Usage

Create a differentiable model from existing optimizers

    using DiffOpt
    using SCS
    
    model = diff_optimizer(SCS.Optimizer)

Update and solve the model

    x = MOI.add_variables(model, 2)
    c = MOI.add_constraint(model, ...)
    
    MOI.optimize!(model)

Finally differentiate the model (primal and dual variables specifically) to obtain product of jacobians with respect to problem parameters and a backward pass vector. Currently DiffOpt supports two backends for differentiating a model:

  1. To differentiate Convex Quadratic Program

\[\begin{align*} & \min_{x \in \mathbb{R}^n} & \frac{1}{2} x^T Q x + q^T x & \\ & \text{s.t.} & A x = b \qquad & b \in \mathbb{R}^m \\ & & G x \leq h \qquad & h \in \mathbb{R}^p \end{align*}\]

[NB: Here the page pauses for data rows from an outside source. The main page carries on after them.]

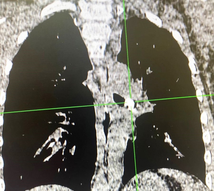 В Республиканскую больницу №1 поступил мальчик 9 лет с инородным телом, попавшим в бронхи. Оказалось, что во время еды у ребенка выпал шатающийся молочный зуб и попал в дыхательные пути. У ребенка появился кашель. После осмотра в лечебном учреждении по месту жительства пациент был доставлен в Республиканскую больницу №1. Исследование на компьютерном томографе показало наличие инородного тела в левом главном бронхе.
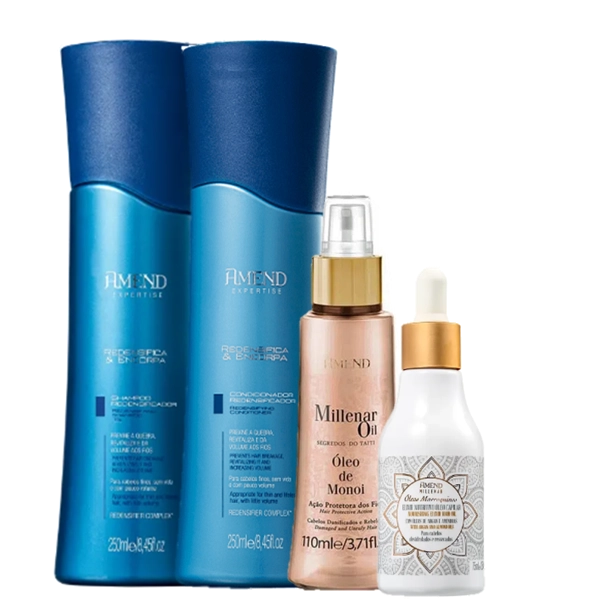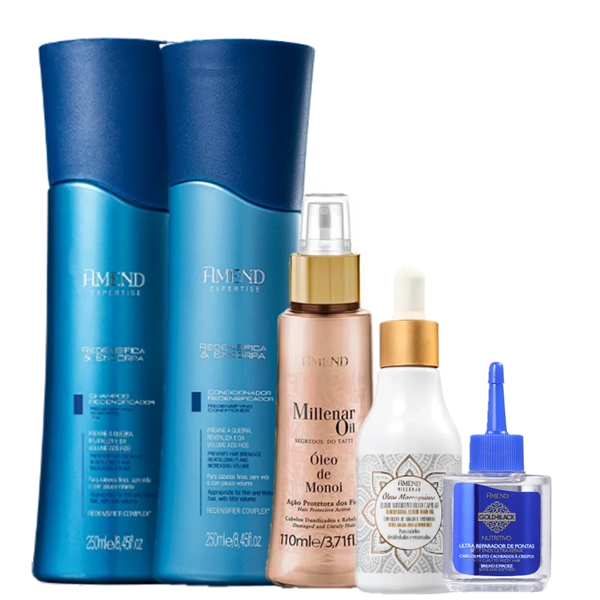 Amend Redensifica & Encorpa Shampoo e Condicionador 250ml Oleo de Monoi 110ml Oleo Marroquino 75ml e Reparador de Pontas
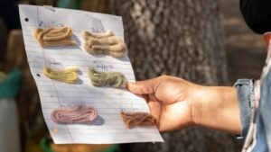 Gracias a un taller de tintes naturales dictado por Natalia Orozco, Veda redescubrió la cantidad de colores que el monte ofrece y que puede utilizar en sus trabajos. Junto con su hija, Melina, se interna en el monte en busca de aquella planta que le de el color justo que está buscando.
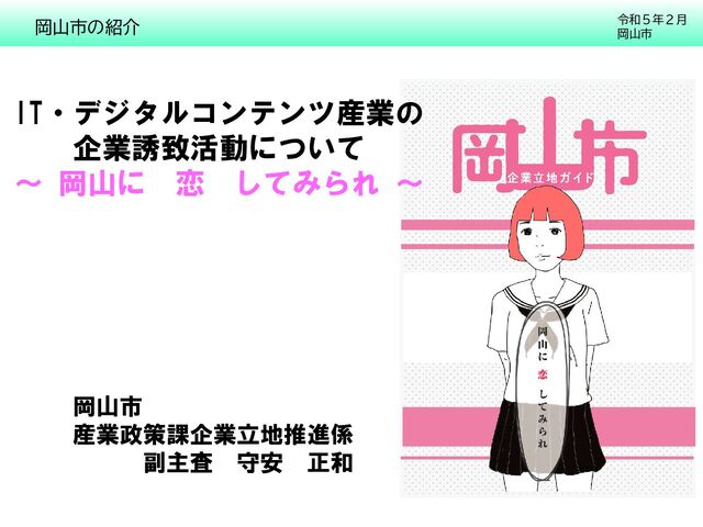 約1,000人 大学院 7校 約3,000人 専修学校専門課程 ≒専門学校 29校 約7,000人 •岡山情報ITクリエイター専門学校 IT・デジタルコンテンツ分野の主な専門学校 IT・デジタルコンテンツ分野の専門学校は充実しているものの、 ゲームソフトウェア業やアニメーション制作業等の企業は岡山にはほとんどない ⇓ •この分野での就職を希望する学生は、東京や大阪等の都市部で就職 •岡山で就職するために、専攻とは異なる職種を選択 •専門学校ではこの分野の講師確保に苦労している •専門学校岡山情報ビジネス学院 •中国デザイン専門学校 •専門学校岡山ビジネスカレッジ 1 岡山市の地域特性 豊富な人材 〇岡山市内の学校数、学生数 6
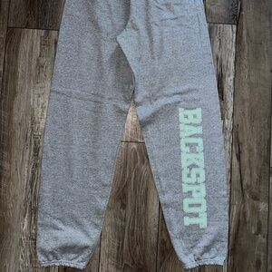 Great Drawsting Sweatpants, has the word BACKSPOT on the leg. Charcoal Grey with Mint wording on the leg.
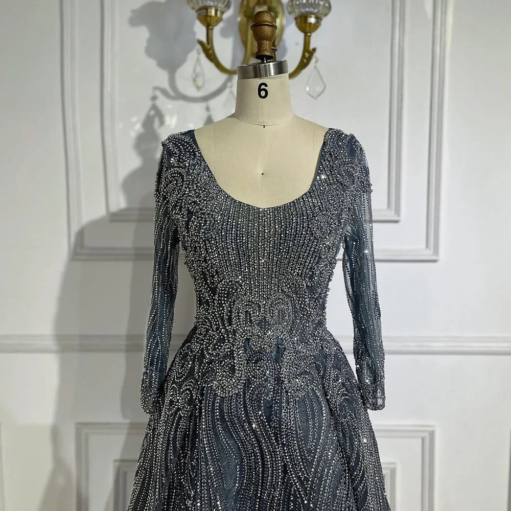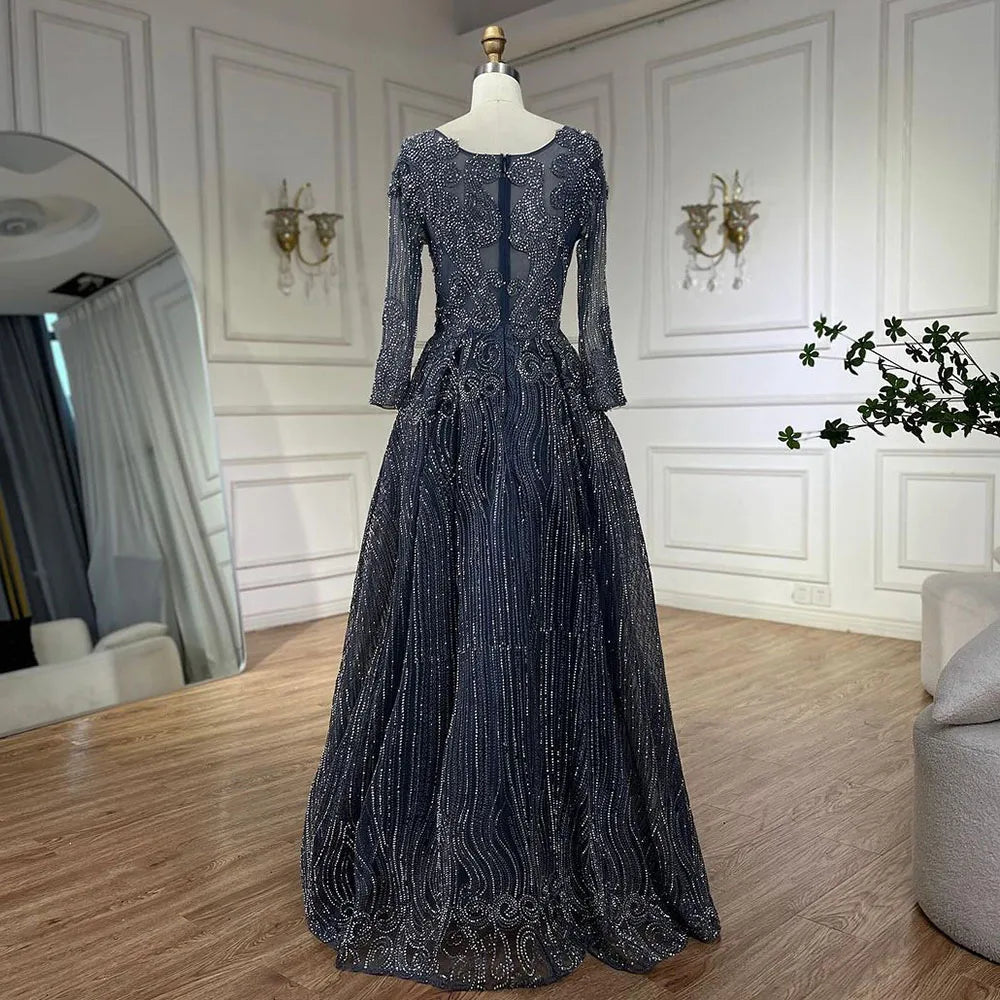 Muslim Navy Blue Overskirt Luxury Dubai Evening Dresses 2025 Elegant A Line Beaded For Women Party LA70773A
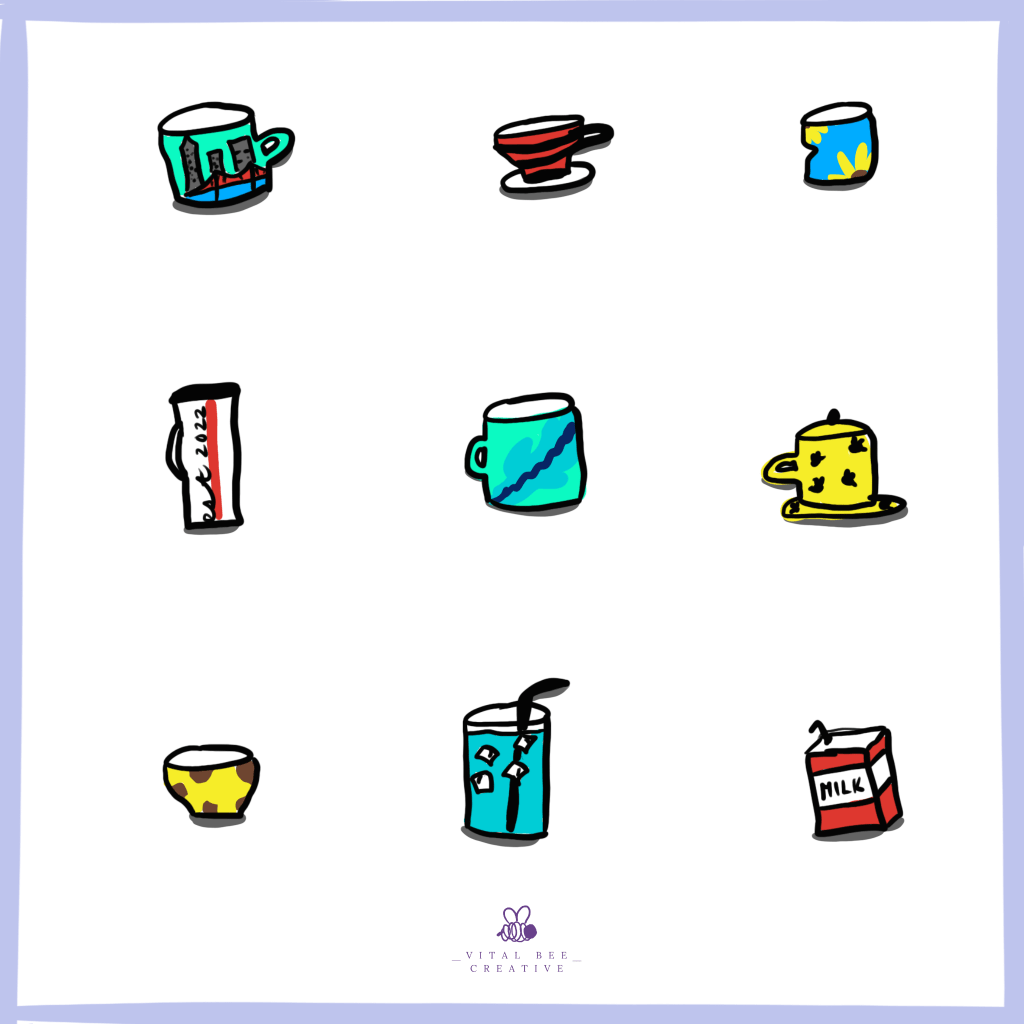 In The Art of Gathering, Priya Parker suggests inviting those on the call to share what beverage they are drinking and tell the story behind their mug. To get more participation, you tell your team ahead of time that this will be the meeting kickoff activity and to come prepared with their favorite comfort beverage. In this activity your visual is the physical object of the mug.
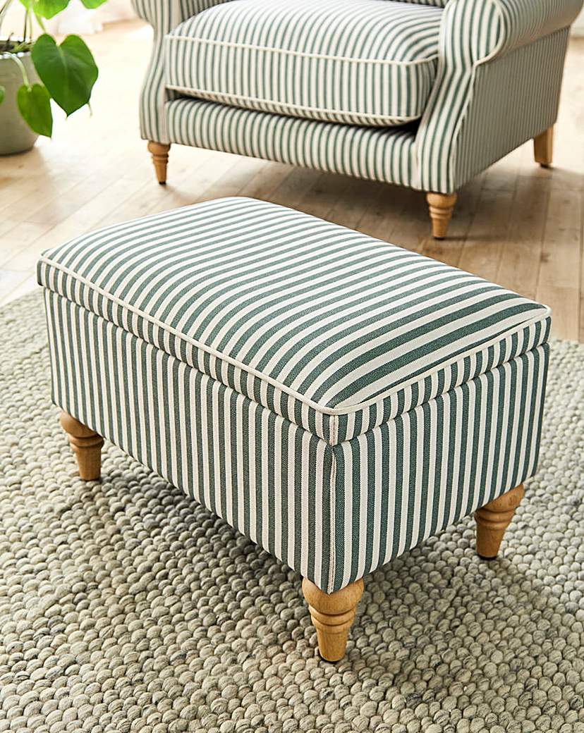 The Naomi Storage Footstool is upholstered in a stripe fabric. The top of the footstool can be removed to reveal storage space. Self assembly required.
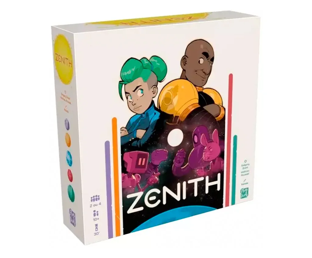 Zénith est un jeu tactique conçu pour 2 joueurs ou pour 4 joueurs en équipes. Dans cet affrontement stratégique, chaque camp se lance dans une lutte pour s’imposer sur les 5 planètes du système solaire. Pouvoir, diplomatie et développement technologique : toutes les stratégies sont permises pour décrocher la victoire.

we can use the backward method

MOI.set.(model,
    DiffOpt.BackwardInVariablePrimal(), x, ones(2))
DiffOpt.backward(model)
grad_obj = MOI.get(model, DiffOpt.BackwardOutObjective())
grad_con = MOI.get.(model, DiffOpt.BackwardOutConstraint(), c)
  1. To differentiate convex conic program

\[\begin{align*} & \min_{x \in \mathbb{R}^n} & c^T x \\ & \text{s.t.} & A x + s = b \\ & & b \in \mathbb{R}^m \\ & & s \in \mathcal{K} \end{align*}\]

we can use the forward method with perturbations in matrices A, b, c

using LinearAlgebra # for `⋅`
MOI.set(model, DiffOpt.ForwardInObjective(), ones(2) ⋅ MOI.SingleVariable.(x))
DiffOpt.forward(model)
grad_x = MOI.get.(model, DiffOpt.ForwardOutVariablePrimal(), x)